- _What the task requires_:
All lines from the one containing "5月1日上午,莫少聪再次更新" through the last line of the listing should be given again exactly, with no pictures.

- _Input data_:
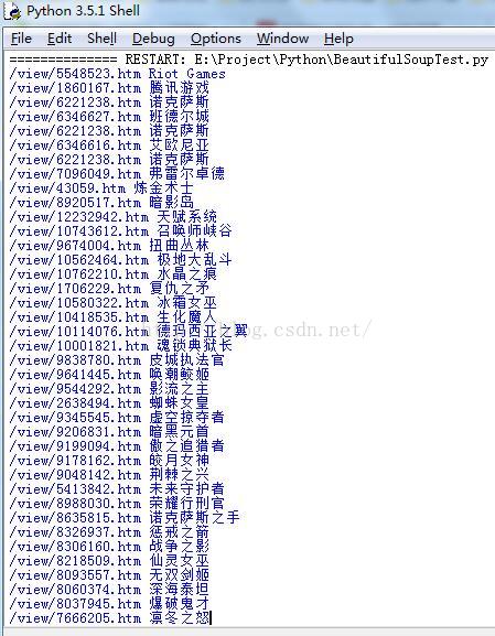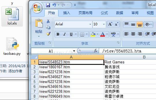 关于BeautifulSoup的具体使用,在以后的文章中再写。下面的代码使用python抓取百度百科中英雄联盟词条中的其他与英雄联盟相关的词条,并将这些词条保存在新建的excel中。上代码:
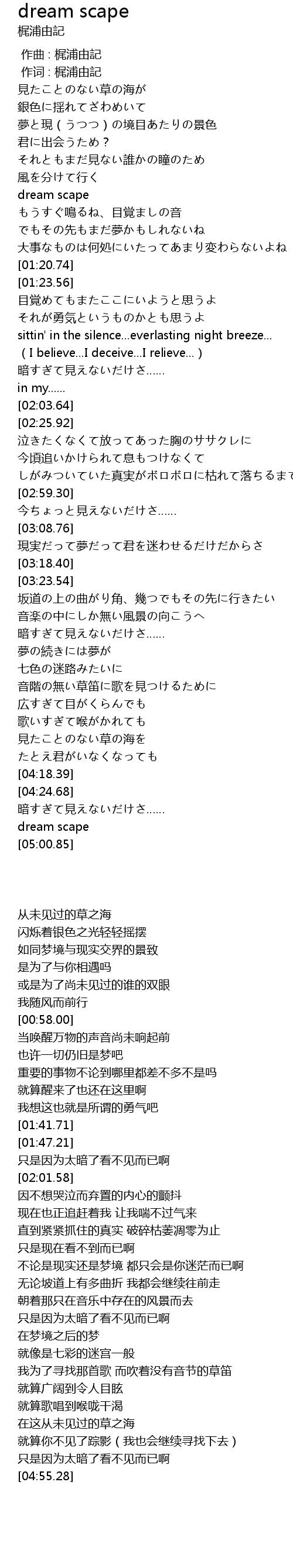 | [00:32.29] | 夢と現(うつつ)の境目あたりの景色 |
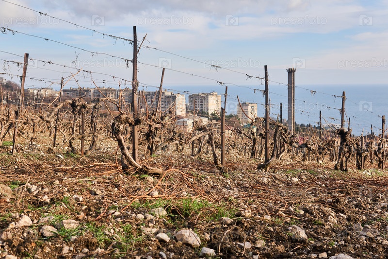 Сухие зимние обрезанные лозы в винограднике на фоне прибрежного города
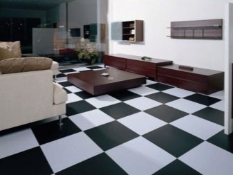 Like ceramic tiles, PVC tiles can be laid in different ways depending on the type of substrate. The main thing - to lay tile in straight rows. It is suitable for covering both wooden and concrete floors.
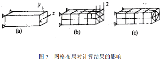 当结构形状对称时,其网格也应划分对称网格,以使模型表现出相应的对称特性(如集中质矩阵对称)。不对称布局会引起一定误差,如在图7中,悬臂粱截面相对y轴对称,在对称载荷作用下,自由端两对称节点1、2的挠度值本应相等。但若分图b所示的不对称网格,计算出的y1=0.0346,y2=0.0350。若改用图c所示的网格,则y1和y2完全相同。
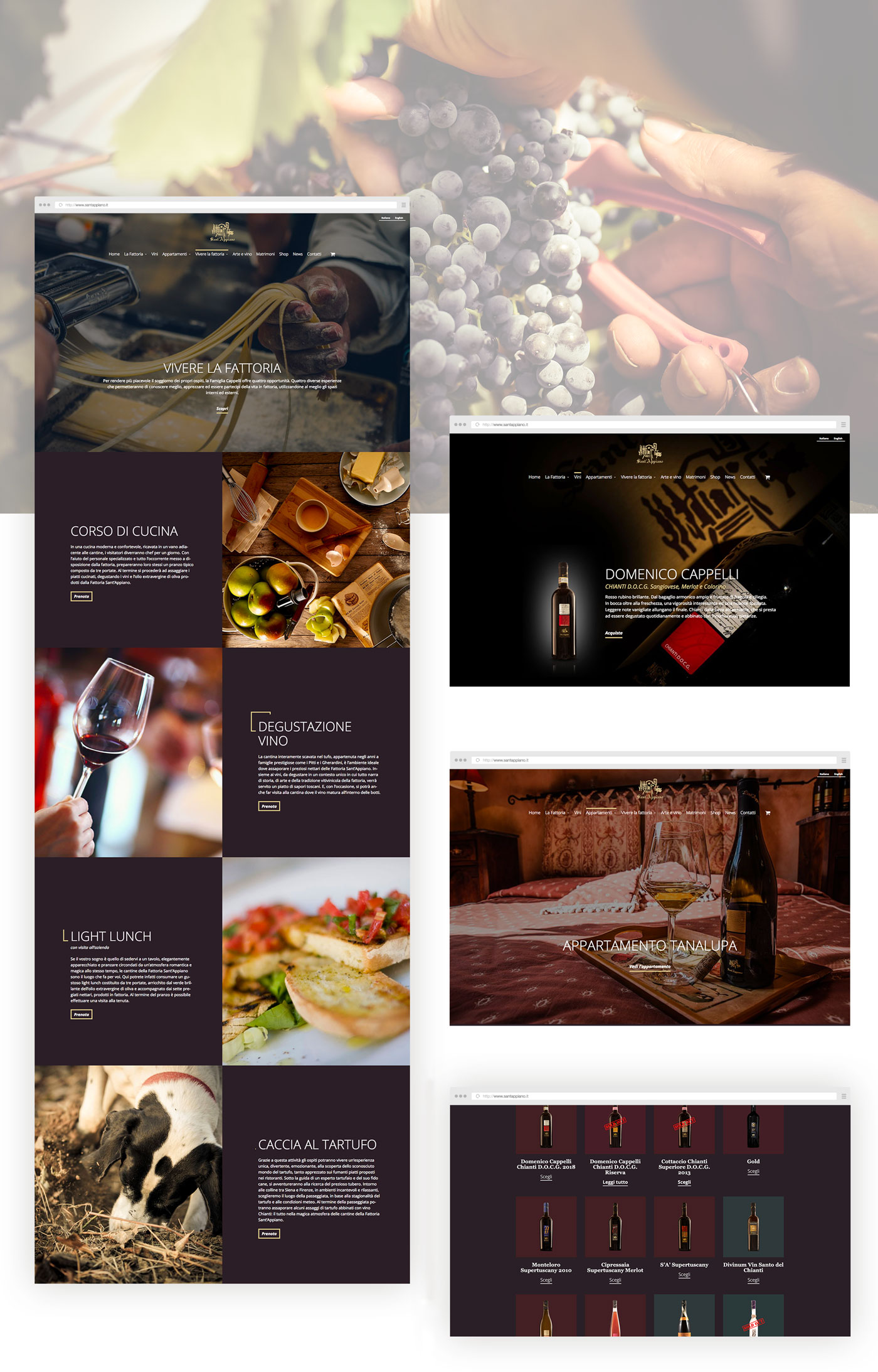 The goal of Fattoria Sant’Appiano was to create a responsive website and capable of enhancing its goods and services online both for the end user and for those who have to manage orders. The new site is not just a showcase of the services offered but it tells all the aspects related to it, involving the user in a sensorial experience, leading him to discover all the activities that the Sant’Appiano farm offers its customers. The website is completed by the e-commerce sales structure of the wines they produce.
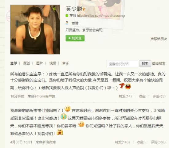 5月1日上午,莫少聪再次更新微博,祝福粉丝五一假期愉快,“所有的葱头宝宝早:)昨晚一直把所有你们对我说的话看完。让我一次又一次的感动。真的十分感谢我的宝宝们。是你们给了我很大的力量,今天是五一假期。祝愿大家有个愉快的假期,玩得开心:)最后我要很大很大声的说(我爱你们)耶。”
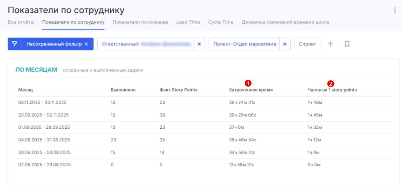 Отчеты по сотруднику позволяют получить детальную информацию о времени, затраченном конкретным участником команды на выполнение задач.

- _Problem solution_:
 5月1日上午,莫少聪再次更新微博,祝福粉丝五一假期愉快,“所有的葱头宝宝早:)昨晚一直把所有你们对我说的话看完。让我一次又一次的感动。真的十分感谢我的宝宝们。是你们给了我很大的力量,今天是五一假期。祝愿大家有个愉快的假期,玩得开心:)最后我要很大很大声的说(我爱你们)耶。”
 Отчеты по сотруднику позволяют получить детальную информацию о времени, затраченном конкретным участником команды на выполнение задач.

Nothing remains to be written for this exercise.